En la cara B de toda esta cuestión, la ventaja de minimizar riesgos. Pongamos que usamos Tinder, ese catálogo interminable de seres enarbolando la bandera verde del amor (o el folleteo, seamos honestis). No sabía yo, pero me lo ha contado la gente que sabe, que lo suyo es empezar la conversación en Tinder una vez que haces match y luego pasar a Instagram para pegarle un repaso a la vida, amigos, ropajes, hobbies y demás datos importantes del ser con el que vas a quedar para tomar algo y/o pegarte un revolcón. Por un lado, se supone que te aseguras de que el individuo en sí no es un asesino en serio o que, al menos, no lo parece. No me queda claro si ellos también se quedan más tranquilos cuando ven que ellas no tienen pinta de descuartizar a nadie.

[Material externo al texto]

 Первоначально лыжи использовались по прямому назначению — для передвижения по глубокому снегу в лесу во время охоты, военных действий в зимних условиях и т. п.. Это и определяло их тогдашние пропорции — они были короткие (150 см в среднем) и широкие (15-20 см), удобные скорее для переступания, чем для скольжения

Por otro lado, y siendo realistas, hay fotos que engañan, pero es más fácil engañar en cinco que en cincuenta. En Instagram compruebas que la realidad corresponde con lo prometido, aunque también os digo que hay gente que hace milagros con Photoshop, lo cual no deja de ser bastante ridículo porque, tarde o temprano, si hay suerte, te darás cuenta del engaño.

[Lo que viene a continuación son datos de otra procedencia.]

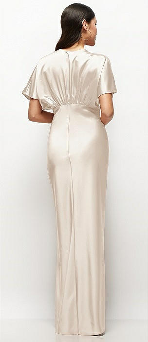 Plunge Neck Kimono Sleeve Satin Bias Maxi Dress in oat

Otra pega que le encuentro a las redes cuando hablamos de relaciones varias: seguir viendo el jeto de tu ex no te apetece lo más mínimo, pero te sabe fatal bloquearle. El “Si te he visto no te acuerdo” se convierte en algo prácticamente imposible y a mí eso me mosquea. Por mucha pena que nos dé, hay nexos que deben desaparecer, sobre todo si queremos pasar página.

En fin, amiguis, que no es la primera vez que lo escribo: las moderneces en estos asuntos se me atragantan. Quizás deba indagar más para encontrarle las ventajas. O no.